A great research effort has been devoted to develop efficient algorithms to skyline computation [12, 14, 17, 20, 24, 29]. The skyline computation often leads to a huge number of skyline objects which is less informative for the user and does not bring any insight to decision making. In order, to solve this problem and reduce the size of skyline, several algorithms have been developed [2, 6, 7, 9, 13, 18, 21, 23, 26]. In this paper, we consider this problem, but with another novel vision. In particular, the idea of the solution advocated is borrowed from the formal concept analysis field. This idea consists in building a formal concept lattice for skyline objects based on the minimal distance between each concept and the target concept (i.e., the ideal object w.r.t the user query). The refined skyline \(S_{ref} \) is given by the concept that has the minimal distance to the target concept and contains k objects (k is a parameter given by the user). Starting from this idea, we develop an algorithm to compute the refined skyline, called FLCMD. In summary, our main contributions cover the following points:

  • We define an efficient approach to refine the skyline S based on the minimal distance between the concepts lattice and the target concept.

  • We develop and implement an algorithm to compute \(S_{ref}\) efficiently.

  • We conduct a set of thorough experiments to study, analyze and compare the relevance and effectiveness of proposed approach and the naive method.

This paper is structured as follows. In the Sect. 2, we define some necessary notions about the skyline queries, fuzzy set theory, the formal concept analysis and lattice then, we report some works related to the skyline refinement and at the end of this section, we explain the naive approach. In Sect. 3, we present our approach and we give the FLCMD algorithm that compute the refined skyline \(S_{ref}\). Section 4 is dedicated to the experimental study and Sect. 5 concludes this paper and points out some future work.

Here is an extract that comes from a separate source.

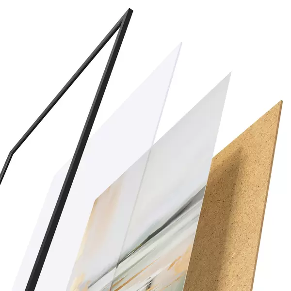 Plakatą sudaro rėmas, pleksiklas, atspausdintas vaizdas ir medžio drožlių plokštės pagrindas. Plakatą galima iš karto pakabinti ant sienos dėl kitoje pusėje esančių laikiklių.

2 Background and Related Work

2.1 Skyline Queries

Skyline queries [4] represent a very popular and powerful paradigm to extract objects from a multidimensional dataset. They are based on Pareto dominance principle which can be defined as follows:

Definition 1

Let D be a set of d-dimensional data points and \( u_{i} \) and \( u_{j} \) two points of D. \( u_{i} \) is said to dominate, in Pareto sense, \( u_{j} \) (denoted \( u_{i}\succ u_{j} \)) iff \( u_{i} \) is better than or equal to \( u_{j} \) in all dimensions and strictly better than \( u_{j} \) in at least one dimension. [25]

Formally, we write:

$$\begin{aligned} u_{i} \succ u_{j} \Leftrightarrow (\forall k \in \{1,..,d\}, u_{i}[k]\le u_{j}[k]) \wedge (\exists l\in \{1,..,d\}, u_{i}[l]<u_{j}[l]) \end{aligned}$$
(1)

where each tuple \( u_{i}=(u_{i}[1], u_{i}[2],\cdots , u_{i}[d]) \) with \( u_{i}[k] \) stands for the value of the tuple \( u_{i} \) for the attribute \( A_{k} \).

In Eq. (1), without loss of generality, we assume that the minimal value, the better.

Definition 2

The skyline of D, denoted by S, is the set of points which are not dominated by any other point.

$$\begin{aligned} u \in S \Leftrightarrow \not \exists u' \in D, u' \succ u \end{aligned}$$
(2)

Example 1

To illustrate the concept of the Skyline, let us consider a database containing information about apartments as shown in Table 1. The list of apartments includes the following information: code apartment, area of apartment (\(m^{2}\)), price in (€) and distance between work and home (apartment) (\(dist\_wh\) in km). Ideally, a person is looking to rent an apartment with a minimal price and having a minimal distance to his/her work (price and \(dist\_wh\)), ignoring the other pieces of information. Applying the traditional skyline on the apartments list of Table 1, returns the following apartments: \(\{A_{1}, A_{3}, A_{5}, A_{7}\}\), see Fig. 1.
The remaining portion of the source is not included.